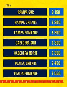 cabeceras; 450 pesos en platea oriente y en platea poniente (atrás de bancas) 550 pesos.
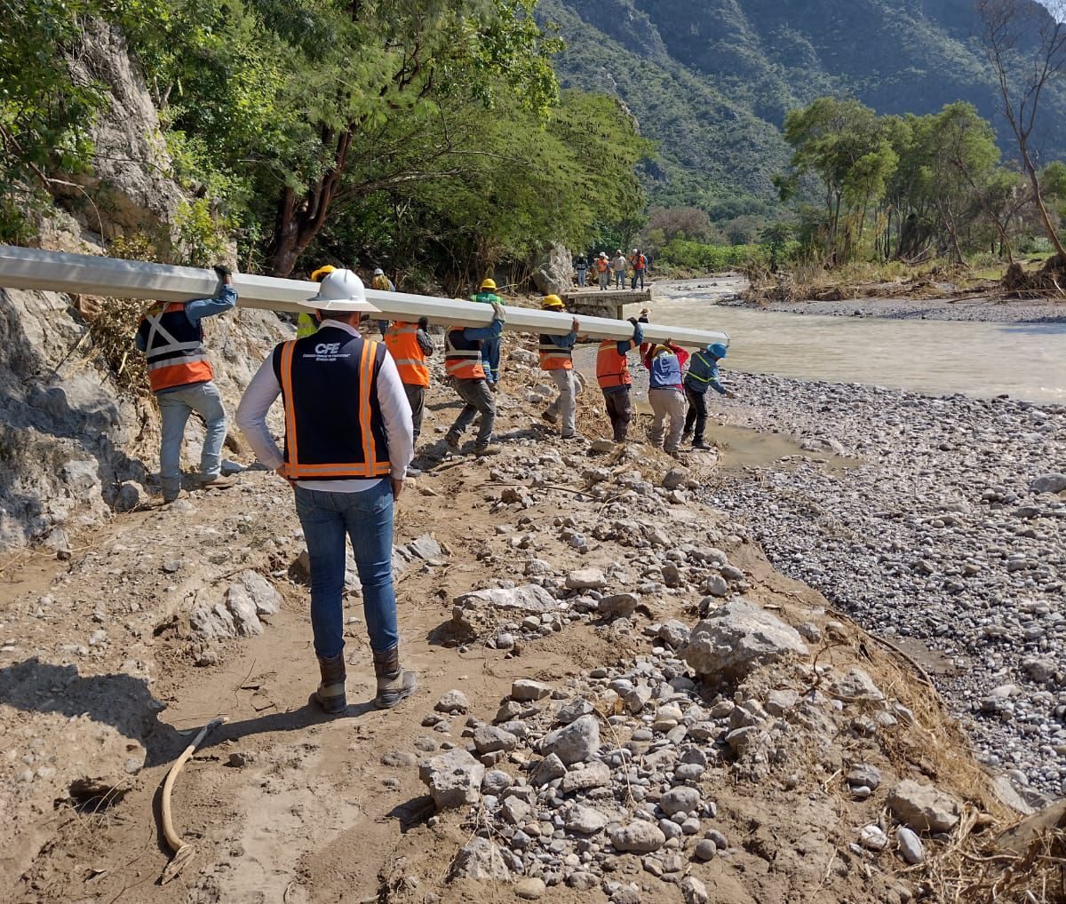 En Hidalgo, personal de la CFE continúa con labores de hincado de postes y tensionado de cable para energizar las redes de media tensión. Por otra parte, en Puebla se ingresó por caminos alternos para realizar reparaciones en media tensión.
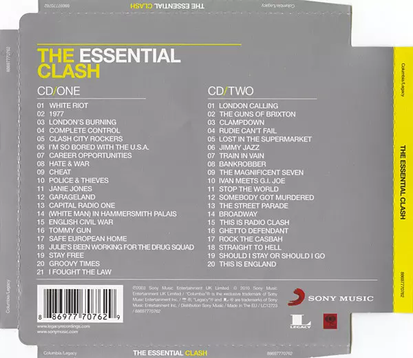 The Clash: The Essential Clash A lemezen lévő változat 2CD - standard kiadás. Ez a különleges kiadás - Európa a kiadó által Columbia a következőkkel együttműködve Legacy és Sony Music év 5. október 2010.
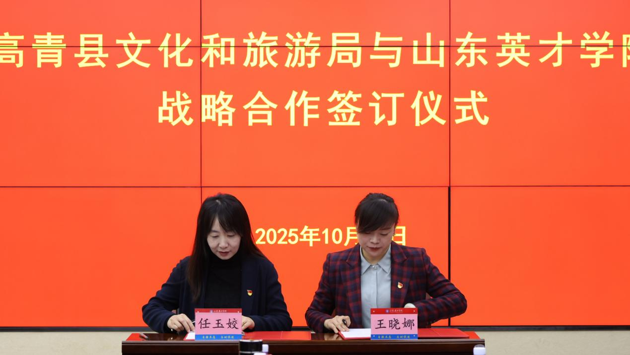2025年10月23日上午,山东英才学院与高青县文化和旅游局战略合作签订仪式暨支部共建活动在学校南校区隆重举行。高青县文旅局党组书记、局长任玉姣,党组成员、文物事业综合服务中心主任李建波,党组成员、副局长王强、唐荣奇及局属相关部门党员干部;山东英才学院党委副书记、执行校长王晓娜,党委委员、副校长崔奎勇,马克思主义学院院长李强,设计学院院长郝莹,设计学院副院长尚宪福,马克思主义学院副院长武玉兴,商学院专业负责人魏书锋等共同出席活动。
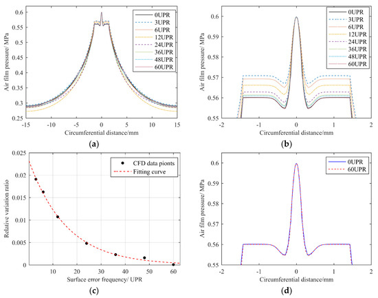 Comparison of CFD results of contour error in different frequencies: (a) pressure distribution curve on the rotor’s surface along the circumferential direction; (b) local amplified pressure distribution at the position of orifice chamber; (c) relative variation ratio of the film pressure under different contour error frequencies; (d) comparison of pressure distribution at the orifice chamber with a contour error frequency of 0 UPR and 60 UPR.
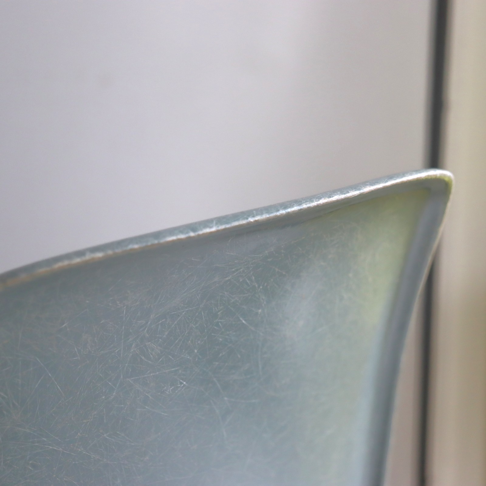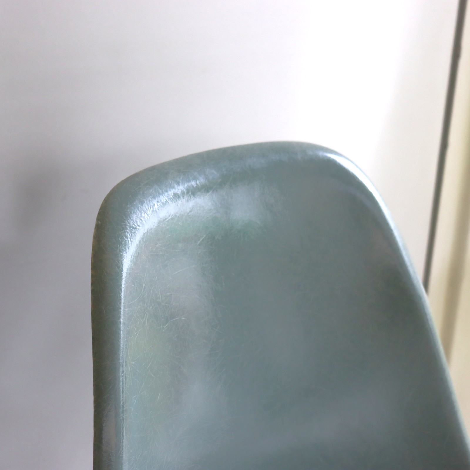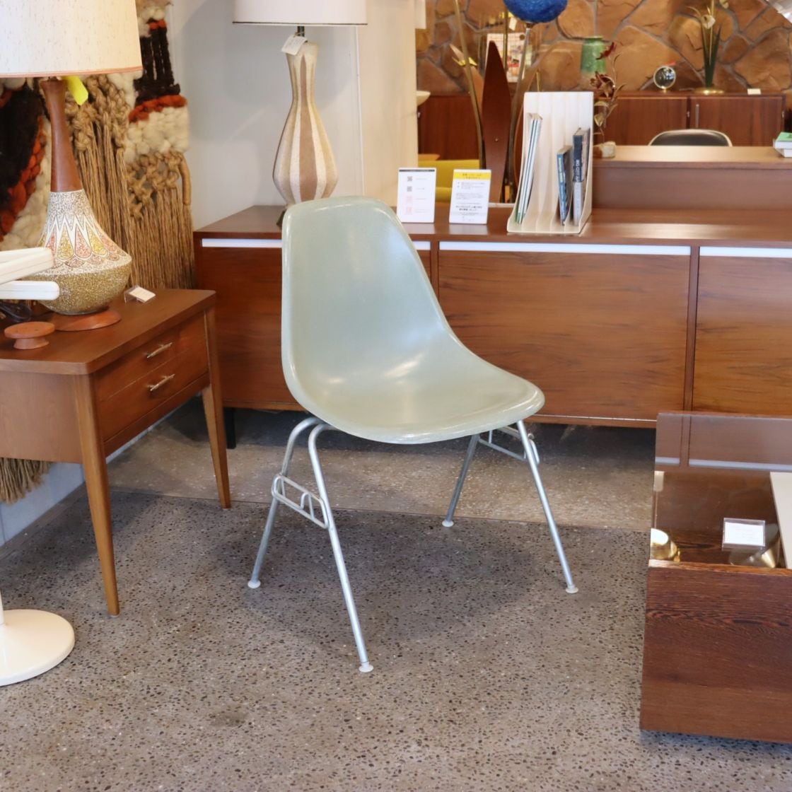 ハーマンミラー社製イームズ サイドシェルチェア。チャールズ・イームズデザインのビンテージチェア。FRP(ファイバーグラス)製のシーフォームグリーン、ワイドマウントです。
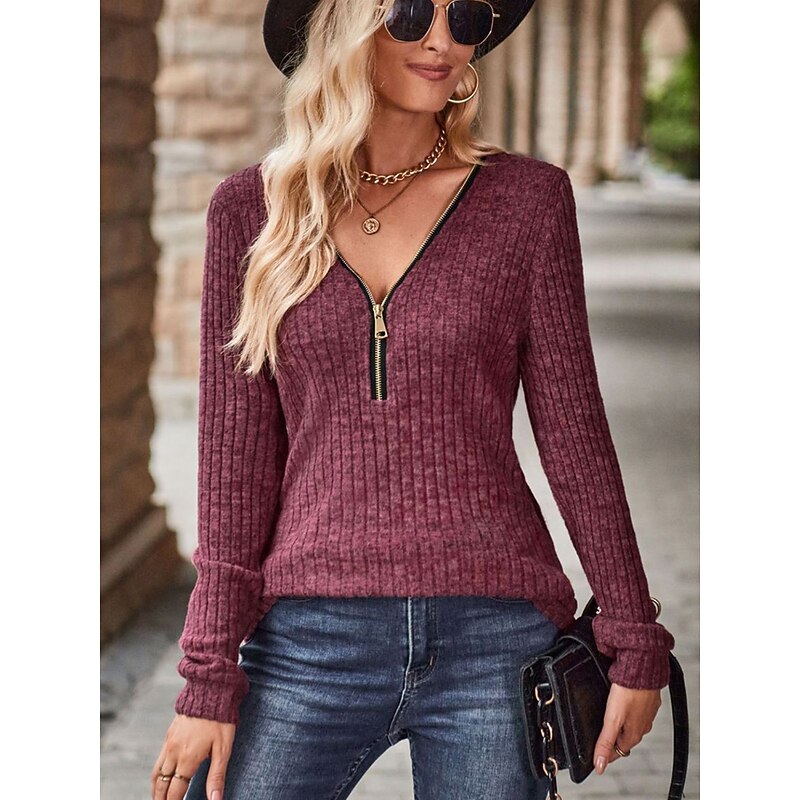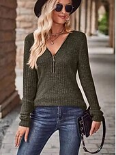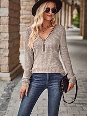 Highlights [Fabric:] Crafted from a cozy polyester ribbed knit, this women's tunic combines comfort and fashion. Its micro-elastic fabric provides both warmth and a snug fit, making it ideal for fall and winter days. [Silhouette:] Designed with a regular fit, this tunic features long sleeves and a slightly fitted silhouette, enhancing its classic look. The regular top length makes it perfect for layering with other garments during the cooler seasons. [Design Highlights:] The tunic showcases a practical front zipper that allows for adjustable necklines, creating both style and versatility. Its classic V-neck offers a chic appearance, and the solid neutral beige hue makes it easy to pair with a variety of outfits. [Occasions:] Suitable for daily wear and work environments, this tunic is perfect for everyday casual settings. Whether you're heading to the office or enjoying a relaxed weekend, it offers both style and function. [Size Range:] Available in sizes S, M, L, XL, and 2XL, this tunic caters to a wide range of body types, ensuring a comfortable fit for everyone.
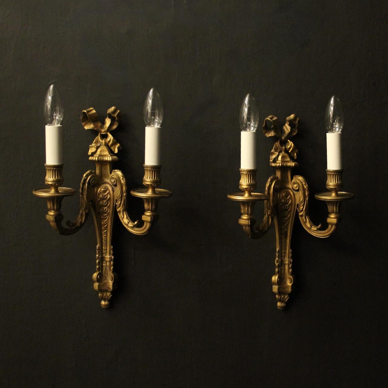 An English pair of gilded bronze twin arm antique wall sconces, the square gauge leaf clad scrolling arms with reeded trumpet bobeche drip pans and bulbous reeded candle sconces, issuing from tapering foliated backplate with decorative pierced ribbon finial, lovely original patination. Fully rewired and PAT tested. All our wall lights come with aged brass screws for fixing and spare bulbs.

### THE TASK
Transcribe each record exactly as it stands, setting aside any pictures.

### OUTPUT OF THE EXERCISE
 cabeceras; 450 pesos en platea oriente y en platea poniente (atrás de bancas) 550 pesos.
 En Hidalgo, personal de la CFE continúa con labores de hincado de postes y tensionado de cable para energizar las redes de media tensión. Por otra parte, en Puebla se ingresó por caminos alternos para realizar reparaciones en media tensión.
 The Clash: The Essential Clash A lemezen lévő változat 2CD - standard kiadás. Ez a különleges kiadás - Európa a kiadó által Columbia a következőkkel együttműködve Legacy és Sony Music év 5. október 2010.
2025年10月23日上午,山东英才学院与高青县文化和旅游局战略合作签订仪式暨支部共建活动在学校南校区隆重举行。高青县文旅局党组书记、局长任玉姣,党组成员、文物事业综合服务中心主任李建波,党组成员、副局长王强、唐荣奇及局属相关部门党员干部;山东英才学院党委副书记、执行校长王晓娜,党委委员、副校长崔奎勇,马克思主义学院院长李强,设计学院院长郝莹,设计学院副院长尚宪福,马克思主义学院副院长武玉兴,商学院专业负责人魏书锋等共同出席活动。
 Comparison of CFD results of contour error in different frequencies: (a) pressure distribution curve on the rotor’s surface along the circumferential direction; (b) local amplified pressure distribution at the position of orifice chamber; (c) relative variation ratio of the film pressure under different contour error frequencies; (d) comparison of pressure distribution at the orifice chamber with a contour error frequency of 0 UPR and 60 UPR.
 ハーマンミラー社製イームズ サイドシェルチェア。チャールズ・イームズデザインのビンテージチェア。FRP(ファイバーグラス)製のシーフォームグリーン、ワイドマウントです。
 Highlights [Fabric:] Crafted from a cozy polyester ribbed knit, this women's tunic combines comfort and fashion. Its micro-elastic fabric provides both warmth and a snug fit, making it ideal for fall and winter days. [Silhouette:] Designed with a regular fit, this tunic features long sleeves and a slightly fitted silhouette, enhancing its classic look. The regular top length makes it perfect for layering with other garments during the cooler seasons. [Design Highlights:] The tunic showcases a practical front zipper that allows for adjustable necklines, creating both style and versatility. Its classic V-neck offers a chic appearance, and the solid neutral beige hue makes it easy to pair with a variety of outfits. [Occasions:] Suitable for daily wear and work environments, this tunic is perfect for everyday casual settings. Whether you're heading to the office or enjoying a relaxed weekend, it offers both style and function. [Size Range:] Available in sizes S, M, L, XL, and 2XL, this tunic caters to a wide range of body types, ensuring a comfortable fit for everyone.
 An English pair of gilded bronze twin arm antique wall sconces, the square gauge leaf clad scrolling arms with reeded trumpet bobeche drip pans and bulbous reeded candle sconces, issuing from tapering foliated backplate with decorative pierced ribbon finial, lovely original patination. Fully rewired and PAT tested. All our wall lights come with aged brass screws for fixing and spare bulbs.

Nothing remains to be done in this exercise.